Finite State Machines – Video Game Application
One of the more simplest forms of AI logic in games development is built on a set of if then else conditional statements. Although this approach is common and useful for small or indie game AI implementations, it is rather challenging to mimic realistic behaviour.
In certain scenarios, were the AI agent has a predetermined finite number of actions, state machines can be used for behavioural switching. There are various applications were these can be used, for instance, on a guard patrolling a military base gate. The guard can have the following states:
Idle
Patrol
Search
Attack
Death
The initial state for the guard can be idle. After thirty seconds, the guard will start patrolling an area predefined by way points. On each way point, the guard will idle for thirty seconds. The guard will attack if an enemy is in range, and change state to attack. Once the enemy is not within range, the state will change to searching in order to introduce more realism into the scenario, instead of just going back to idle, as if the guard forgot that they were attacking an enemy. The following finite state diagram illustrates how the transitions occur in this scenario:
Another practical example for a finite state machine is the behavior of the ghosts in Pacman (Bourg and Seemann, 2004). The ghosts will chase the player around until a ghost eats the player or the power up is picked up by the player. In the latter, the ghosts will go into a panic state. Once in this state, the player is able to eat the ghosts, were they will change their state to captured, and head back to their starting point.

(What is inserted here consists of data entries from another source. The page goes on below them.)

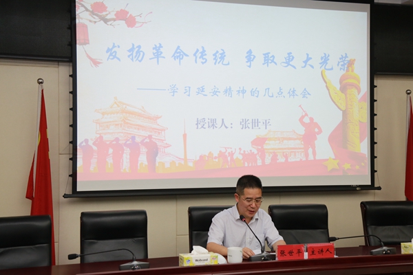 此次学习以学史崇德为主题。局党组书记、局长张世平带头讲党史党课,他结合自己在延安干部学院学习经历,为大家带来了主题为《发扬革命传统,争取更大光荣——学习延安精神的几点体会》的精彩党课。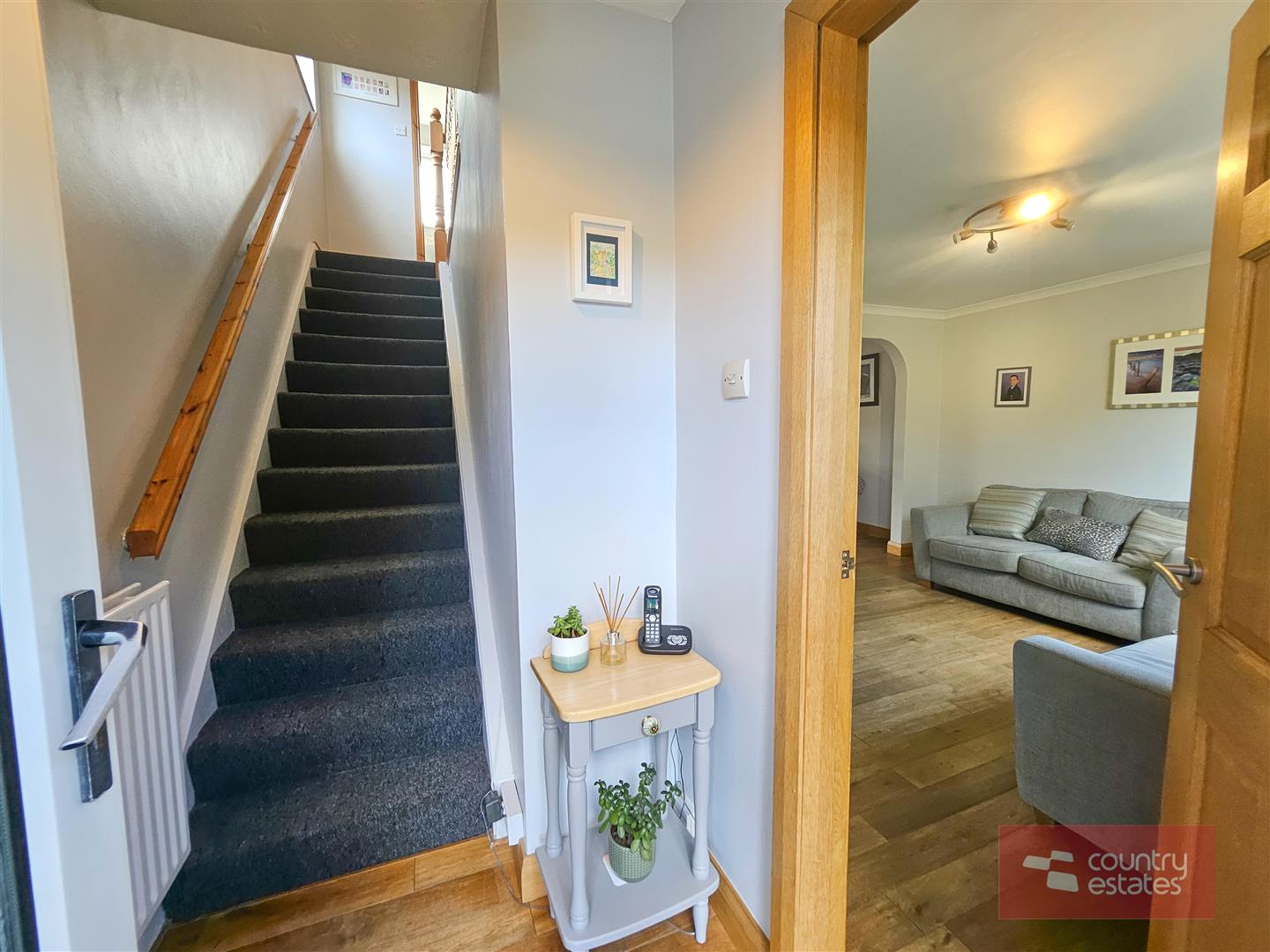 PVC double glazed front door with matching side screens into entrance hall with hard wood effect laminate flooring extending throughout.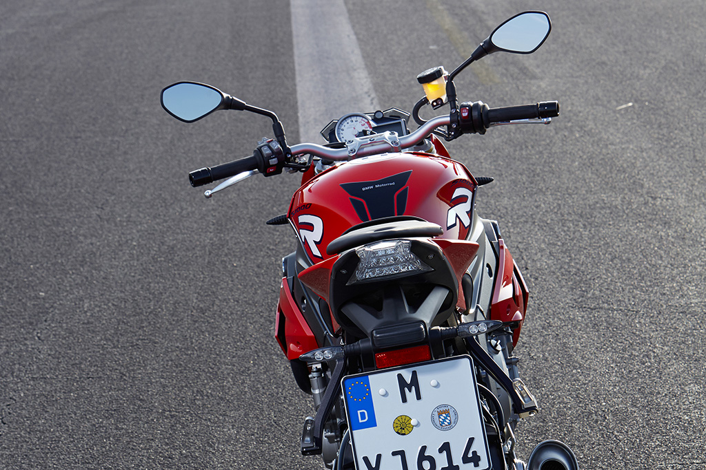 Le qualità della nuova S 1000 R come motocicletta Roadster dalla performance dinamica si riflettono anche nel design. Fedeli al principio “tail up – nose down”, la S 1000 R mostra con il muso basso e la coda che punta verso l’alto la propria dinamica offensiva. Analogamente alla “RR”, già a prima vista anche la S 1000 R si distingue con il proprio volto dalla massa.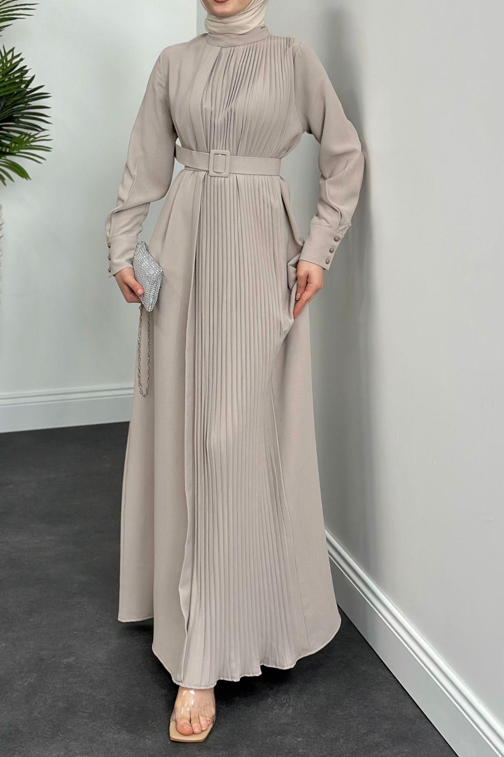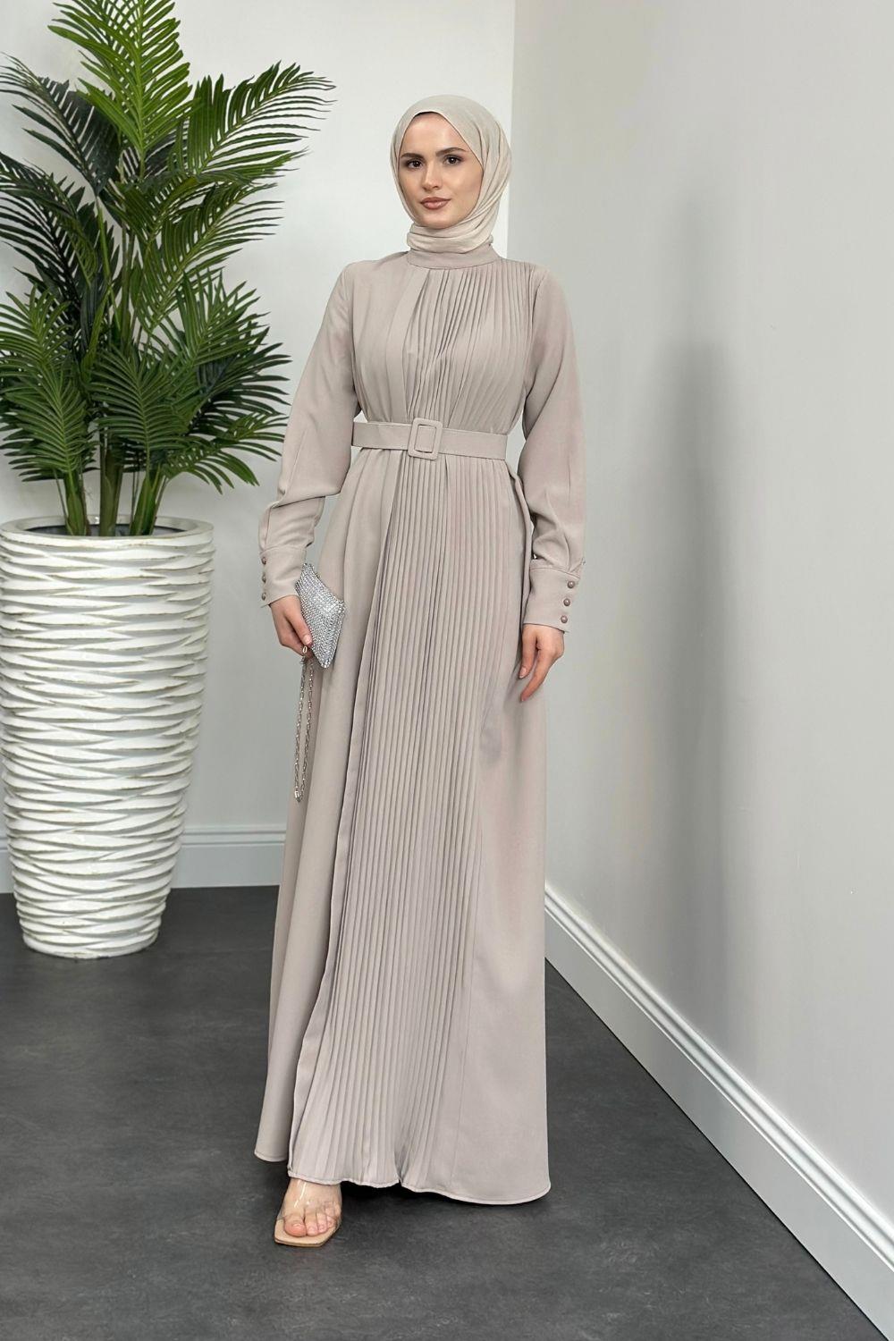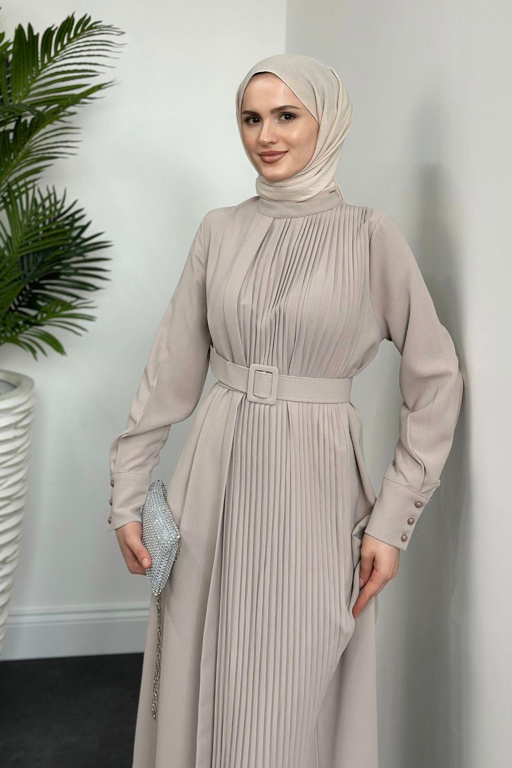 Belur Kemerli Krep Elbise Krem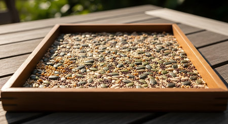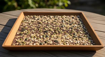 A shallow wooden tray is filled with a healthy mixture of seeds, including pumpkin, sunflower, and sesame seeds. The image showcases the texture and variety of these nutritious organic ingredients.

From a programmatic perspective, opting for a finite state machine in this scenario for game AI will have less overhead. Furthermore, they are easier to implement when compared to other AI techniques. The disadvantage when using FSM as an approach is that it can become complex to transition between states for more believable AI, such as companions and NPC interaction. However, it is possible to create sub-FSMs into each state to manage logic within a particular state, in order to have a system made up several minor FSMs. Each extra state variable can add 2^n extra states. There is no limit using this approach for game AI, however keep in mind that the more states and transitions, the more complex it will be to manage.
References
Bourg, D. and Seemann, G. (2004). AI for game developers. Beijing: O’Reilly, pp.165-167.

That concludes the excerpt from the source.